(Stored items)

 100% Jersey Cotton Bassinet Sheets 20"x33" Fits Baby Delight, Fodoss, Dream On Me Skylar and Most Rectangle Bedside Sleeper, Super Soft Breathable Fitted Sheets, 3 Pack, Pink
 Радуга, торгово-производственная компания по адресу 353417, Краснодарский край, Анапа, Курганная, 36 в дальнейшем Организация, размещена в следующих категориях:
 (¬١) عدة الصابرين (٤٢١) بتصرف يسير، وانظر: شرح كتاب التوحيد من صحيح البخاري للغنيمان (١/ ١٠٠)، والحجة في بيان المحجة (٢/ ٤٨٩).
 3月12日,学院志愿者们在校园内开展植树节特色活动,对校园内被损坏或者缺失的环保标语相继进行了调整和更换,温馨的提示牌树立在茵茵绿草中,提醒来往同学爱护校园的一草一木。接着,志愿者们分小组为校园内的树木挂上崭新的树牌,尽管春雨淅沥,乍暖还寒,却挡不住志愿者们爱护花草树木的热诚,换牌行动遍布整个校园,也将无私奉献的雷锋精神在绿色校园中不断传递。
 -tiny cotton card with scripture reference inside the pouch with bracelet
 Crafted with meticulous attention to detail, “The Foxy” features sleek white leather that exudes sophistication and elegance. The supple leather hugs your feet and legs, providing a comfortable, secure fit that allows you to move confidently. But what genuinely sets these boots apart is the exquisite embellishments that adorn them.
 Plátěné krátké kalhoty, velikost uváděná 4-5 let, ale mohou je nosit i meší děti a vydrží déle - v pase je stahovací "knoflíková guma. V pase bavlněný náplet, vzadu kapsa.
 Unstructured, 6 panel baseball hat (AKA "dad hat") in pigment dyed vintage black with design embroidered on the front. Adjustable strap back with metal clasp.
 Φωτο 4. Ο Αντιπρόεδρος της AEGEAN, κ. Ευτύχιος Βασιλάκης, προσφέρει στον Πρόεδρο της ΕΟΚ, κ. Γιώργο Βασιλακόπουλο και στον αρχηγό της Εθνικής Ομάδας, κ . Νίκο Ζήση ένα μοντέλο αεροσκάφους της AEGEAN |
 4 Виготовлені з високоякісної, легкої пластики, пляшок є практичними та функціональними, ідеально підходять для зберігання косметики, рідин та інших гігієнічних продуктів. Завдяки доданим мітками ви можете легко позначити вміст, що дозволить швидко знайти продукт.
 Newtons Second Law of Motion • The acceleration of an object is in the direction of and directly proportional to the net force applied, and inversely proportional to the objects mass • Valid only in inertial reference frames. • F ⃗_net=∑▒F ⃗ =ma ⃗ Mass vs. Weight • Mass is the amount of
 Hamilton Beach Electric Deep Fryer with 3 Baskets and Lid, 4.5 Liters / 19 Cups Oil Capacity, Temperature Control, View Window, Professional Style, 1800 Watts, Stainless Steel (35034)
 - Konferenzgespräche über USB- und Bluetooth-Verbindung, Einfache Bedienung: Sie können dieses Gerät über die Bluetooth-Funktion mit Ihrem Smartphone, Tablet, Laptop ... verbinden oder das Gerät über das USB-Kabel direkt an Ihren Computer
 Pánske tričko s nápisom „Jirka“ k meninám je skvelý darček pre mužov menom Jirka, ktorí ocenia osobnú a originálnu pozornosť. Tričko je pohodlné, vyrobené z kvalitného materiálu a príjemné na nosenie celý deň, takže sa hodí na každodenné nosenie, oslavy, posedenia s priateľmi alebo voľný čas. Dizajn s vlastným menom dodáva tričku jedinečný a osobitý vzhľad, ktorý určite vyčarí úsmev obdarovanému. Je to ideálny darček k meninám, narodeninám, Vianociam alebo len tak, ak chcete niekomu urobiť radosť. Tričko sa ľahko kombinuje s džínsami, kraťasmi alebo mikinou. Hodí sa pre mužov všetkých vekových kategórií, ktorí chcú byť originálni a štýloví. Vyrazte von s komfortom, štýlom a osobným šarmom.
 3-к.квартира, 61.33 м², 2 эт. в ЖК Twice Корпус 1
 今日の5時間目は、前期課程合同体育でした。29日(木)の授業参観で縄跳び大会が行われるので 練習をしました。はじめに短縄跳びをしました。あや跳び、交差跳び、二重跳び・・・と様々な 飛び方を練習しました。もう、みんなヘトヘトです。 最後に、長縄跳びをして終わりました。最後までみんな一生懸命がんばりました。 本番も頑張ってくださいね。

## PROBLEM STATEMENT
Copy out only the lines above from the one with "Crafted with meticulous" to the one with "Φωτο 4. Ο Αντιπρόεδρος", inclusive, exactly as they stand.

## REPLY
 Crafted with meticulous attention to detail, “The Foxy” features sleek white leather that exudes sophistication and elegance. The supple leather hugs your feet and legs, providing a comfortable, secure fit that allows you to move confidently. But what genuinely sets these boots apart is the exquisite embellishments that adorn them.
 Plátěné krátké kalhoty, velikost uváděná 4-5 let, ale mohou je nosit i meší děti a vydrží déle - v pase je stahovací "knoflíková guma. V pase bavlněný náplet, vzadu kapsa.
 Unstructured, 6 panel baseball hat (AKA "dad hat") in pigment dyed vintage black with design embroidered on the front. Adjustable strap back with metal clasp.
 Φωτο 4. Ο Αντιπρόεδρος της AEGEAN, κ. Ευτύχιος Βασιλάκης, προσφέρει στον Πρόεδρο της ΕΟΚ, κ. Γιώργο Βασιλακόπουλο και στον αρχηγό της Εθνικής Ομάδας, κ . Νίκο Ζήση ένα μοντέλο αεροσκάφους της AEGEAN |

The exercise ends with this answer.